§ Work instruction: Please output exactly the lines below, starting at the line that has "Οι νέοι θάνατοι" and ending at the line that has "特に印象的なのが、中国から来", both included; leave out all pictures and include nothing else.

§ Record extracts:
******************************

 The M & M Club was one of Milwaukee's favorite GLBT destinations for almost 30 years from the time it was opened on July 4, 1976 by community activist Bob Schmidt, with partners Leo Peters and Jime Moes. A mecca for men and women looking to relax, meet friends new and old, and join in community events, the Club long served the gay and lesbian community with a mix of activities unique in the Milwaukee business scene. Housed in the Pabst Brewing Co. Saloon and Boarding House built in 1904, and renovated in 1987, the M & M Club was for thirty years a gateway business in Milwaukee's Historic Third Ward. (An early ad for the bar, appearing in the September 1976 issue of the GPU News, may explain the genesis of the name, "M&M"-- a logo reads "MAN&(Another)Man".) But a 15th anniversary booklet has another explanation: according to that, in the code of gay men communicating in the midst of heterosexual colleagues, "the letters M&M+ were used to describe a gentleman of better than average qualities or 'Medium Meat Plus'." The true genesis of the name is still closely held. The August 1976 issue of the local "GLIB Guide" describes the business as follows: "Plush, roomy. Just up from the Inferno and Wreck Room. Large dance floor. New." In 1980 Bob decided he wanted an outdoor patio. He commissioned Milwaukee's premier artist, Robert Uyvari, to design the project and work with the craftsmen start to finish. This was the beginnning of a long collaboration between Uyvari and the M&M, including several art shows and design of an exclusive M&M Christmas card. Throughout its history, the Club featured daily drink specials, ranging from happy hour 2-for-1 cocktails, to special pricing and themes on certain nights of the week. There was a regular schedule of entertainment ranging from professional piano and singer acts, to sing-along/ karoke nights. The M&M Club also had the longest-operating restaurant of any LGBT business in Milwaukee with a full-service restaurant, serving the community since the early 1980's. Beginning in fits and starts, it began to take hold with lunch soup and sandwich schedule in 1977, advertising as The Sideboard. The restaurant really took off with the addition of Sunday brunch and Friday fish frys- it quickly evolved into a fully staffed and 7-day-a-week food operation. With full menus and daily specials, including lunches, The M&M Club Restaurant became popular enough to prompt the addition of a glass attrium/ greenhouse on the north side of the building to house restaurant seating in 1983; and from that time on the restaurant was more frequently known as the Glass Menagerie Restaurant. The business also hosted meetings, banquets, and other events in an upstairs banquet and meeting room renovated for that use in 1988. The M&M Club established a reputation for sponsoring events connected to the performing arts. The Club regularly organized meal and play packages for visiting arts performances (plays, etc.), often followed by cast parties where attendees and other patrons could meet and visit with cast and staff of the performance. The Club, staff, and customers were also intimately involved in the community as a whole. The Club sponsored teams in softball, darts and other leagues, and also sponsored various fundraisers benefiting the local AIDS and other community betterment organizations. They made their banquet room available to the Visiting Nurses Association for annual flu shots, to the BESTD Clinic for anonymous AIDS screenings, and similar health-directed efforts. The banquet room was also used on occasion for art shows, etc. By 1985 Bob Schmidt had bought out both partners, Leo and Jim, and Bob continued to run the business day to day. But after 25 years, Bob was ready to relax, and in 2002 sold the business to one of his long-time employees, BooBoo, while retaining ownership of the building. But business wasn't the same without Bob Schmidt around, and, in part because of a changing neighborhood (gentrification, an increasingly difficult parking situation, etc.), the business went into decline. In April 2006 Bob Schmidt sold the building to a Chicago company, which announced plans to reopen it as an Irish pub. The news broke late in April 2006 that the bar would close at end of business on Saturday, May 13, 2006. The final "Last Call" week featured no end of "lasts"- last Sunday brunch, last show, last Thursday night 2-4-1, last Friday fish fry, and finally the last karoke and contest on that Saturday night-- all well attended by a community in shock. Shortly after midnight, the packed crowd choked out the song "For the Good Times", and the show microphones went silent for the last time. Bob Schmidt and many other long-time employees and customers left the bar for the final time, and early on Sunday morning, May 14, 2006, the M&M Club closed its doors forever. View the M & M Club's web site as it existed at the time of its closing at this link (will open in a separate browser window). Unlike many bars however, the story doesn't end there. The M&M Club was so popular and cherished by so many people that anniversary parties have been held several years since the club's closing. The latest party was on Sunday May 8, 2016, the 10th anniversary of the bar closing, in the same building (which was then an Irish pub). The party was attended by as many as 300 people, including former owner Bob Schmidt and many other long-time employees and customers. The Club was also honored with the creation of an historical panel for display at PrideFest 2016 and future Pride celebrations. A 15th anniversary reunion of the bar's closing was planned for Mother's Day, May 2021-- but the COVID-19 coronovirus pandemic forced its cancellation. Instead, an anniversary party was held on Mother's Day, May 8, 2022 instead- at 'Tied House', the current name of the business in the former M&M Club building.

******************************

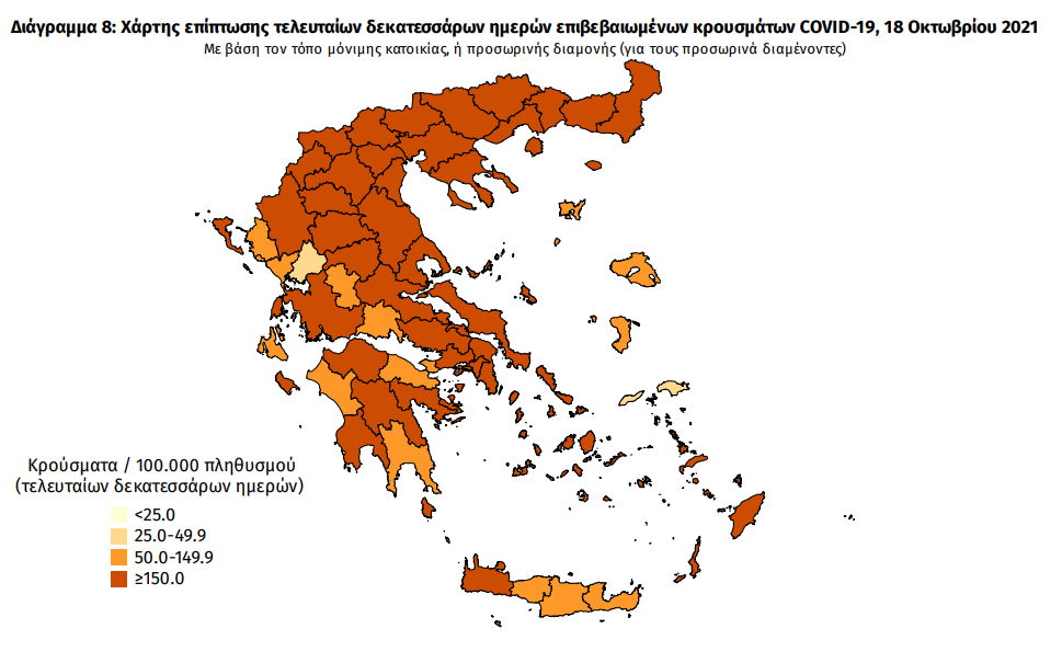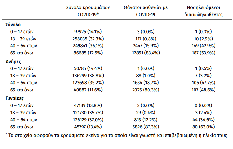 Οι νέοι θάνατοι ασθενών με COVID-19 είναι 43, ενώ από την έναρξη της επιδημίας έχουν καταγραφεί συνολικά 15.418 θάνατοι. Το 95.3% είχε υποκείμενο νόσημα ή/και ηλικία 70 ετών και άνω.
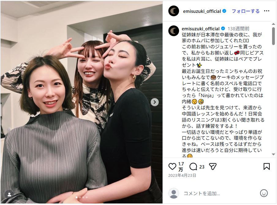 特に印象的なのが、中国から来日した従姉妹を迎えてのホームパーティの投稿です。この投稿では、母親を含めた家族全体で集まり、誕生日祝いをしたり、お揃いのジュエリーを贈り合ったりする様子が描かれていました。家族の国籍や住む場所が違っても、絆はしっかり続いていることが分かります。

******************************

§ Exercise solution:
 Οι νέοι θάνατοι ασθενών με COVID-19 είναι 43, ενώ από την έναρξη της επιδημίας έχουν καταγραφεί συνολικά 15.418 θάνατοι. Το 95.3% είχε υποκείμενο νόσημα ή/και ηλικία 70 ετών και άνω.
 特に印象的なのが、中国から来日した従姉妹を迎えてのホームパーティの投稿です。この投稿では、母親を含めた家族全体で集まり、誕生日祝いをしたり、お揃いのジュエリーを贈り合ったりする様子が描かれていました。家族の国籍や住む場所が違っても、絆はしっかり続いていることが分かります。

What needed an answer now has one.